What you should do: Tally the lines in the entries where the string "finish" appears, and write only the total.

Data under study:

··········

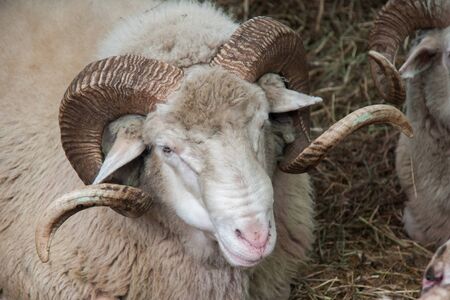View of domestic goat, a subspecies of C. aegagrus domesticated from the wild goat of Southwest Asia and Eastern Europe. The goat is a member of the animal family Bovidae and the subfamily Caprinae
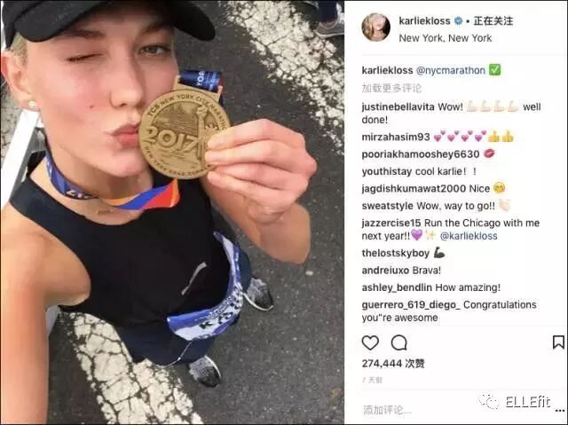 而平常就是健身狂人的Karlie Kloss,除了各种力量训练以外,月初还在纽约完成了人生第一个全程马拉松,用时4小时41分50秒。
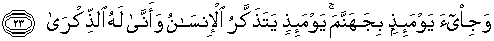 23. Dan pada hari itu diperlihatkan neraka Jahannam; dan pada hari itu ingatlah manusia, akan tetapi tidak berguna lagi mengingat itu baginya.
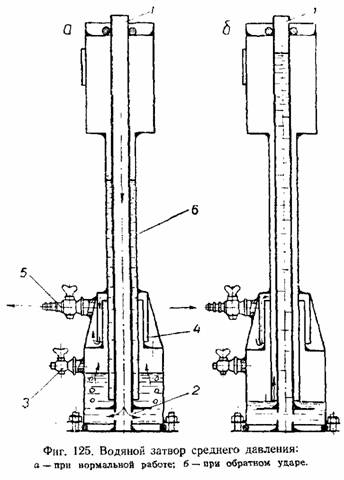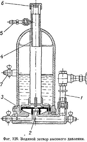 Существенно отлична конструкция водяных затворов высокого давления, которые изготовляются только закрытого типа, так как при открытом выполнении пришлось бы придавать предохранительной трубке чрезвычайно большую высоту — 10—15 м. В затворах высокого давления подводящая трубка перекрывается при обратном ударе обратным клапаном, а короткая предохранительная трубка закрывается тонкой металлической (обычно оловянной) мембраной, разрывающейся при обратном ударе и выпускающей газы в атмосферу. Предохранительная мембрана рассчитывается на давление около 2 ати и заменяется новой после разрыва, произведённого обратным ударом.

··········

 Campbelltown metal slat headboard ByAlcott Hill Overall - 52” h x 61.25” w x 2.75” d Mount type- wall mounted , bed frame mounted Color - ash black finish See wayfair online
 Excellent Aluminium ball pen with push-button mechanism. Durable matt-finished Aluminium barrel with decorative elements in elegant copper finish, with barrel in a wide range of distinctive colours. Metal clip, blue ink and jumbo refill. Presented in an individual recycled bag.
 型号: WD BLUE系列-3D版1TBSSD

··········

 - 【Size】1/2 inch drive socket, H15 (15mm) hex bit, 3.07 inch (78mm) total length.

··········

Task solution: 2